> **Activity**
Copy every entry verbatim and skip the pictures.

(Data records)
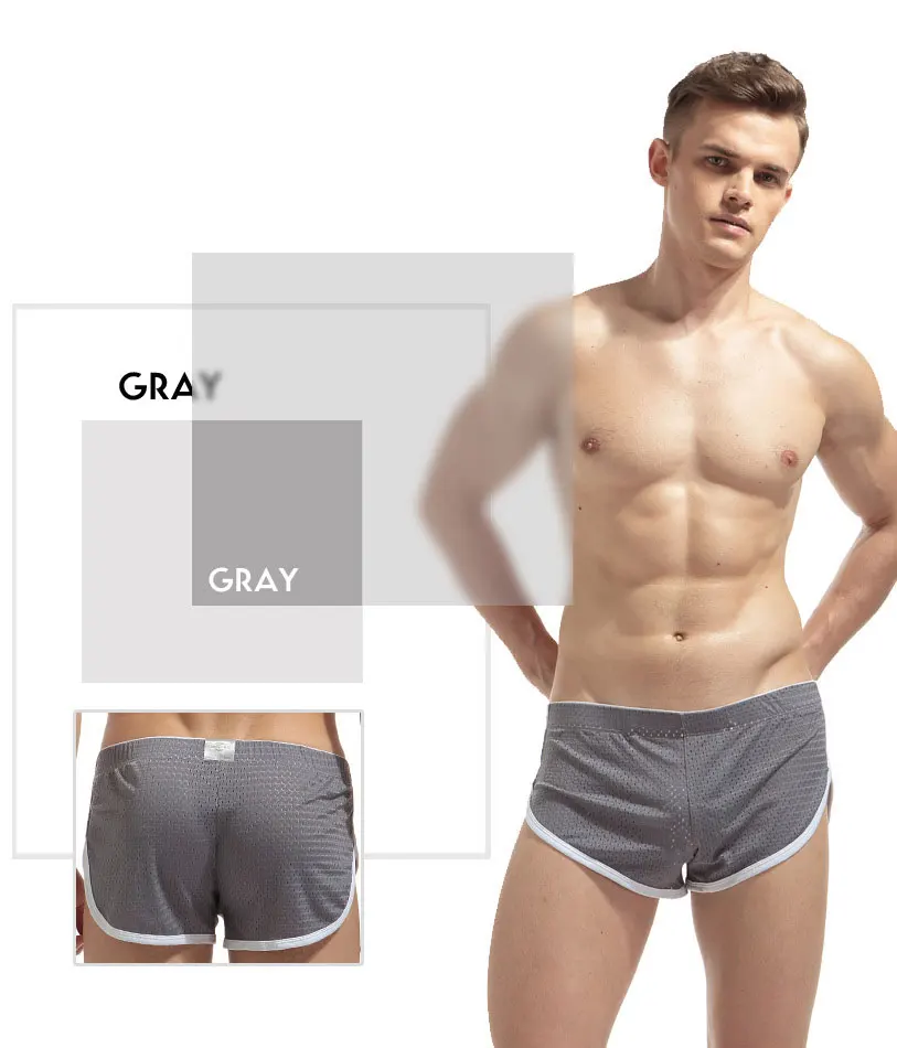 Мужские сетчатые шорты с Боковым Разрезом для бодибилдинга, тренировок, тренажерного зала, бега, мужская спортивная одежда, мягкое удобное дышащее Ночное нижнее белье
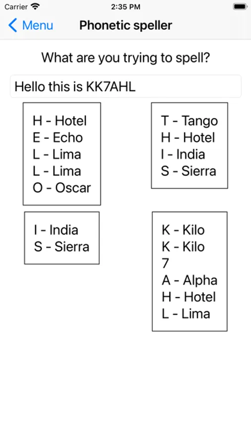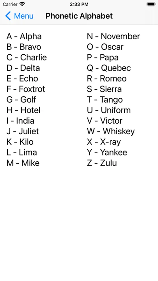 Radio Reference is a handy app for information you might need while communicating over your radio. Need to spell something phonetically? Type your word or phrase to get the phonetic spelling. Or view the whole phonetic alphabet. Heard a Q signal or other abbreviation you don't recognize? Look it up here. Let me know what other stuff you'd like to see in here.
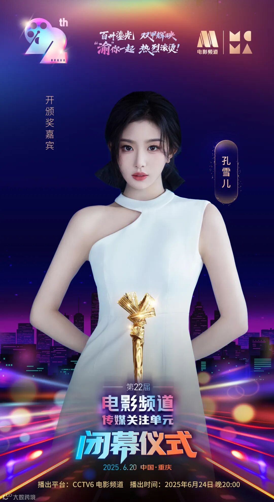 本周五,蒋勤勤、郑希怡、孔雪儿作为“闭幕仪式开颁奖嘉宾”官宣参加第22届“电影频道传媒关注单元”。6月24日晚20:00锁定CCTV-6 20:00,见证荣誉,共赴光影盛会!
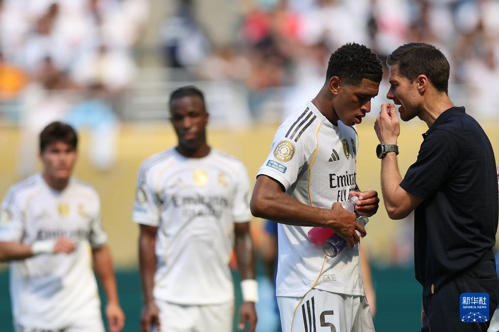 6月18日,皇家马德里队主教练阿隆索(右)在比赛中指导球员贝林厄姆。新华社记者 李明 摄
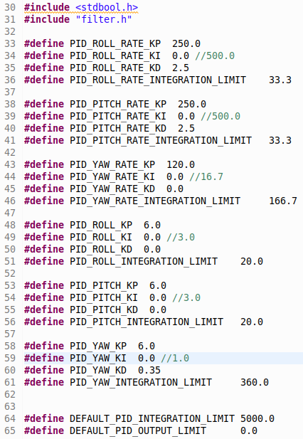 Removing Integral Control: Considering all of this, I decided to remove integral control from the crazyflie by setting all k_i (integral gains) to zero. To do this, I modified the crazyflie firmare in the 'pid.h' file (the process for modifying firmware is discussed in my previous blog post). The modifications can be seen in the image below (commented values are the original gains).
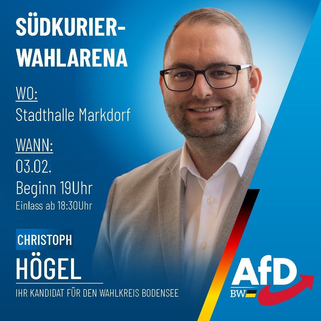 Heute, Dienstag, den 3. Februar 2026 um 19 Uhr findet in der Stadthalle Markdorf die Wahlarena statt. Die Direktkandidaten im Wahlkreis Bodensee stellen sich den Fragen der Moderation, darunter unser AfD-Direktkandidat Christoph Högel. Der Eintritt ist frei, der Einlass beginnt um 18:30 Uhr.
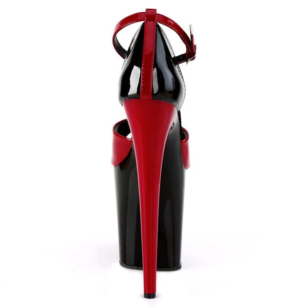 Two-tone platform sandals with skinny ankle strap and 8″ stiletto heel . The Flamingo-889 shoes feature a closed back, contrast heel, and adjustable buckle closure.
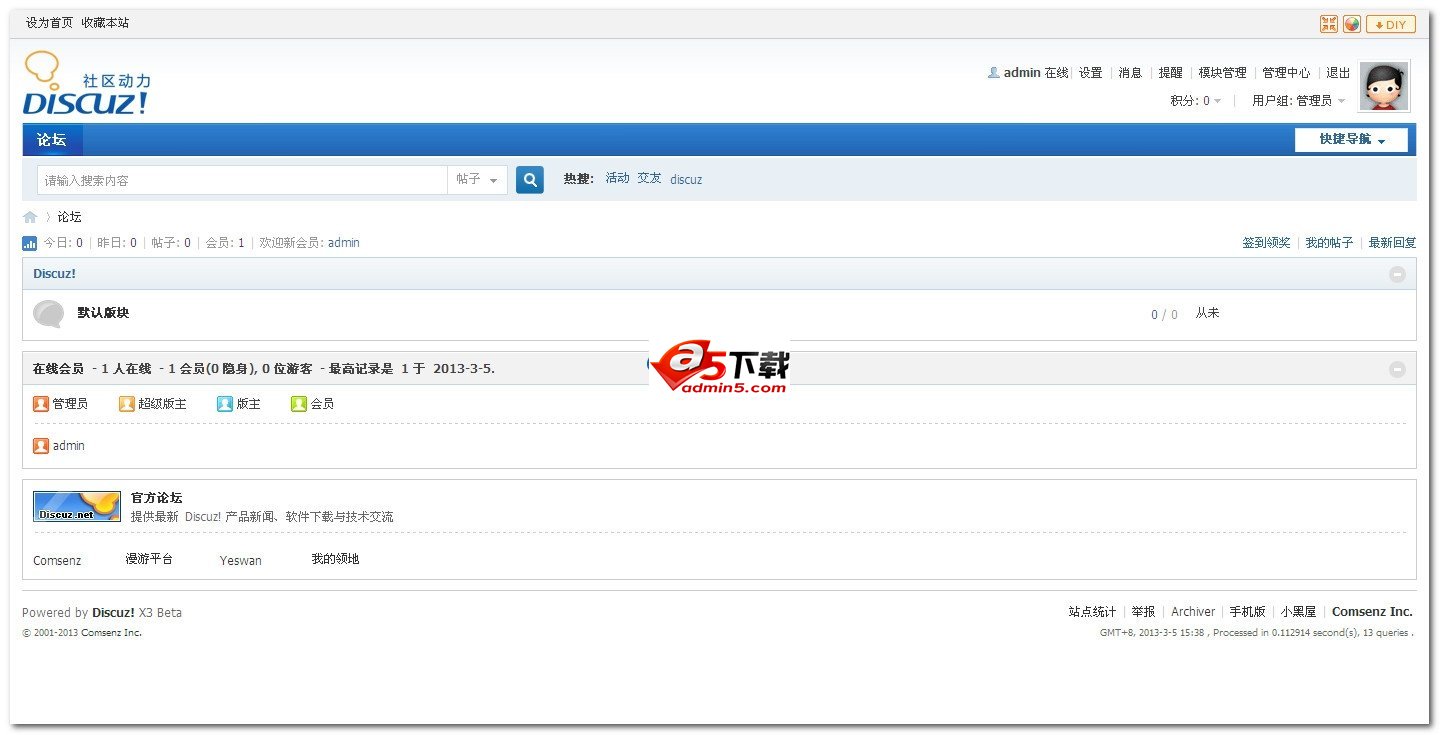 当前位置:下载COM绿色软件园 > php源码 > 社区论坛 > Discuz! X3 RC 简体中文UTF8 20130422

> **Output**
 Мужские сетчатые шорты с Боковым Разрезом для бодибилдинга, тренировок, тренажерного зала, бега, мужская спортивная одежда, мягкое удобное дышащее Ночное нижнее белье
 Radio Reference is a handy app for information you might need while communicating over your radio. Need to spell something phonetically? Type your word or phrase to get the phonetic spelling. Or view the whole phonetic alphabet. Heard a Q signal or other abbreviation you don't recognize? Look it up here. Let me know what other stuff you'd like to see in here.
 本周五,蒋勤勤、郑希怡、孔雪儿作为“闭幕仪式开颁奖嘉宾”官宣参加第22届“电影频道传媒关注单元”。6月24日晚20:00锁定CCTV-6 20:00,见证荣誉,共赴光影盛会!
 6月18日,皇家马德里队主教练阿隆索(右)在比赛中指导球员贝林厄姆。新华社记者 李明 摄
 Removing Integral Control: Considering all of this, I decided to remove integral control from the crazyflie by setting all k_i (integral gains) to zero. To do this, I modified the crazyflie firmare in the 'pid.h' file (the process for modifying firmware is discussed in my previous blog post). The modifications can be seen in the image below (commented values are the original gains).
 Heute, Dienstag, den 3. Februar 2026 um 19 Uhr findet in der Stadthalle Markdorf die Wahlarena statt. Die Direktkandidaten im Wahlkreis Bodensee stellen sich den Fragen der Moderation, darunter unser AfD-Direktkandidat Christoph Högel. Der Eintritt ist frei, der Einlass beginnt um 18:30 Uhr.
 Two-tone platform sandals with skinny ankle strap and 8″ stiletto heel . The Flamingo-889 shoes feature a closed back, contrast heel, and adjustable buckle closure.
 当前位置:下载COM绿色软件园 > php源码 > 社区论坛 > Discuz! X3 RC 简体中文UTF8 20130422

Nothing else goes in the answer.